No. And I know I'll get hammered for this response. The 180 is not a recipe for getting a spouse to come around. It's a recipe for getting your own life in order. Watch the videos on MarriageToday. Read some of the books that are repetitively suggested. Look at some of the older shows on DrPhil.com. There are no simple solutions and you have a MIL interfering. Listen, a guy wants love, respect and security. We' re pretty simple. We want to kow we are appreciated, that you are there for us, and that our world can begin and end with you. You wrote that when you are loving he responds. You sound like you really want to reconnect and save your marriage. It's not fair to think that you are the wronged partner and you need to do the heavy lifting, but marriage is and can be special. You don't need the 180, you need to be the person your spouse fell in love with.
_Posted via Mobile Device_


----------



## hurtingbadly (Sep 14, 2011)

I think you and I are in in the same boat Thorburn. It totally sucks. I made mistakes along the way when trying to get information. 

I'm sure I only got part of the truth and at this point I'm pretty sure I'll get no more unless it comes from an outside source. My IC tells me what good is it going to do you to know more? You already know he cheated and your marriage wasn't what you thought it was... 

Why would he tell me more when things are already this bad? I'm sure that is his thinking, but it eats at me wanting to know the truth. I really feel cursed for life with having doubts. 

I know it will suck to stick this out and find out more six years down the road like that person you mentioned. I mean I was already lied to for nine years!!!

He's extremely depressed. Sometimes I wonder if it's because of guilt, that he's still hiding stuff from me? 

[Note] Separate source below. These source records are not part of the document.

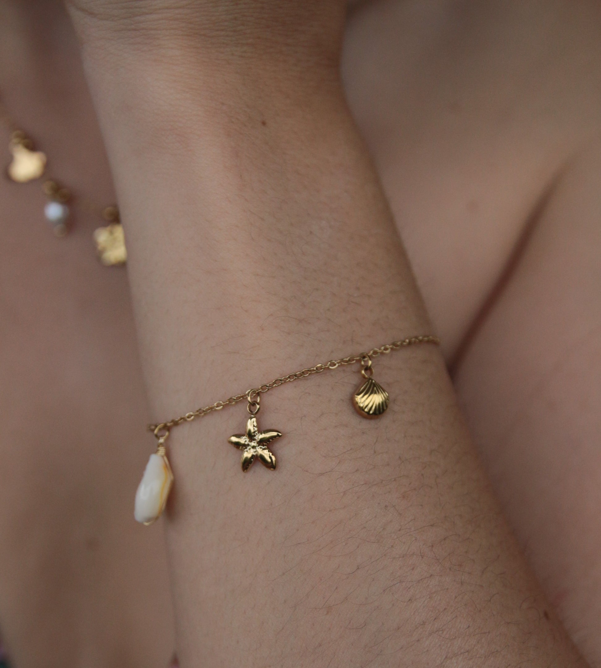 L’association de breloques marines dorées avec le coquillage blanc crée un joli équilibre entre sophistication et authenticité. La finesse du bracelet permet de le porter seul pour un look discret ou empilé avec d’autres pour un effet bohème chic. Chaque détail évoque l’univers marin, apportant une dose de fraîcheur et d’évasion à vos tenues estivales ou quotidiennes.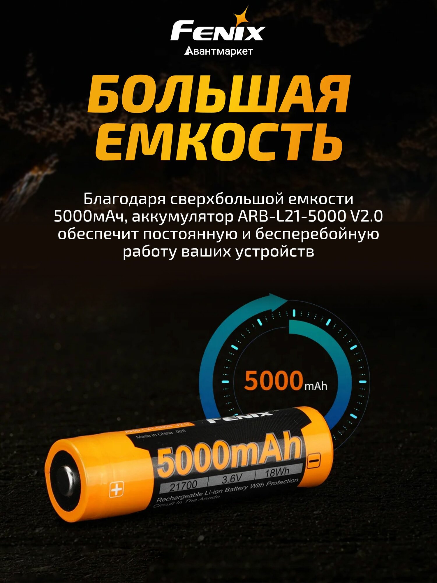 Купить Аккумулятор Fenix ARB-L21-5000 v2.0 21700 LI-Ion 5000 mAh, ARB-L21-5000V20 с доставкой по всей России.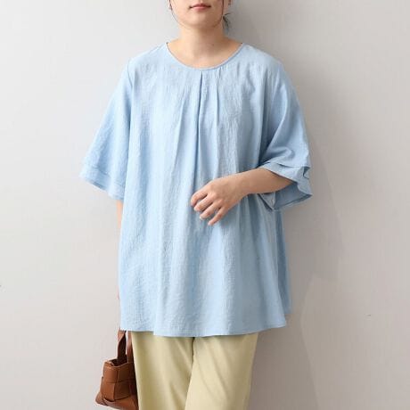Tシャツ感覚で楽に着られるのに、ブラウスのように華やかなので、普段使いからちょっとしたお出かけまで幅広く活躍します。
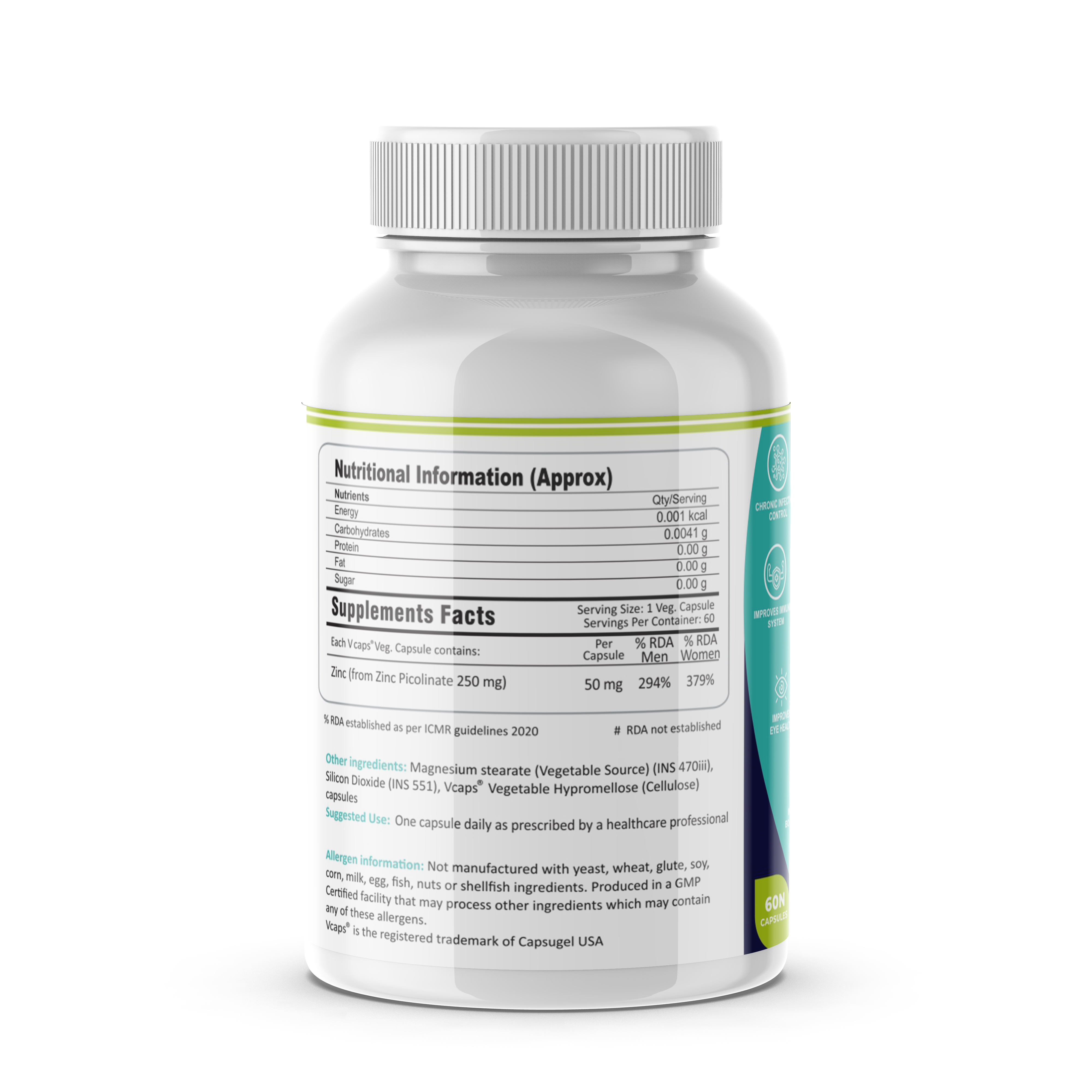 Opti Zinc features zinc picolinate for superior absorption supporting immune health skin repair and cellular function This essential mineral promotes enzymatic reactions and antioxidant defense for overall well being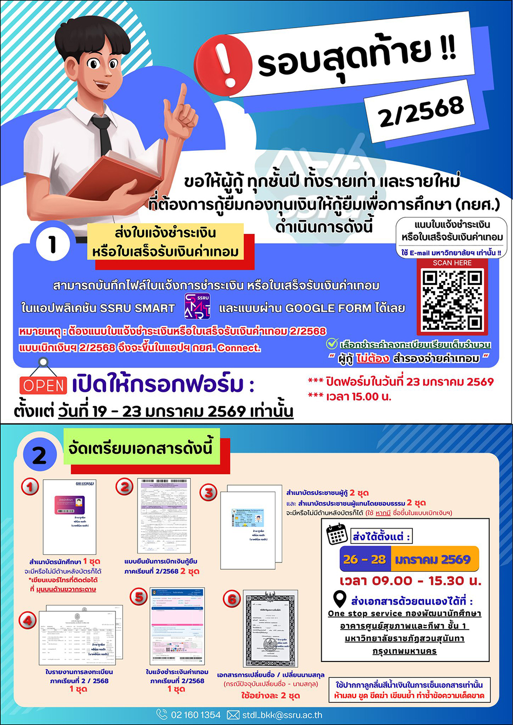 รอบสุดท้ายย‼ ผู้กู้ ทุกชั้นปี ทั้งรายเก่า และรายใหม่ ที่ต้องการกู้ยืมกองทุนเงินให้กู้ยืมเพื่อการศึกษา (กยศ.)

Are you wanting to stay, are you trying with her? I find it very hard to act like a couple...


----------



## hurtingbadly (Sep 14, 2011)

JustWaiting said:


> No. And I know I'll get hammered for this response. The 180 is not a recipe for getting a spouse to come around. It's a recipe for getting your own life in order. Watch the videos on MarriageToday. Read some of the books that are repetitively suggested. Look at some of the older shows on DrPhil.com. There are no simple solutions and you have a MIL interfering. Listen, a guy wants love, respect and security. We' re pretty simple. We want to kow we are appreciated, that you are there for us, and that our world can begin and end with you. You wrote that when you are loving he responds. You sound like you really want to reconnect and save your marriage. It's not fair to think that you are the wronged partner and you need to do the heavy lifting, but marriage is and can be special. You don't need the 180, you need to be the person your spouse fell in love with.
> _Posted via Mobile Device_


Yes, if I act loving toward him he definitely responds. It's just hard... Things seem so bad right now.


----------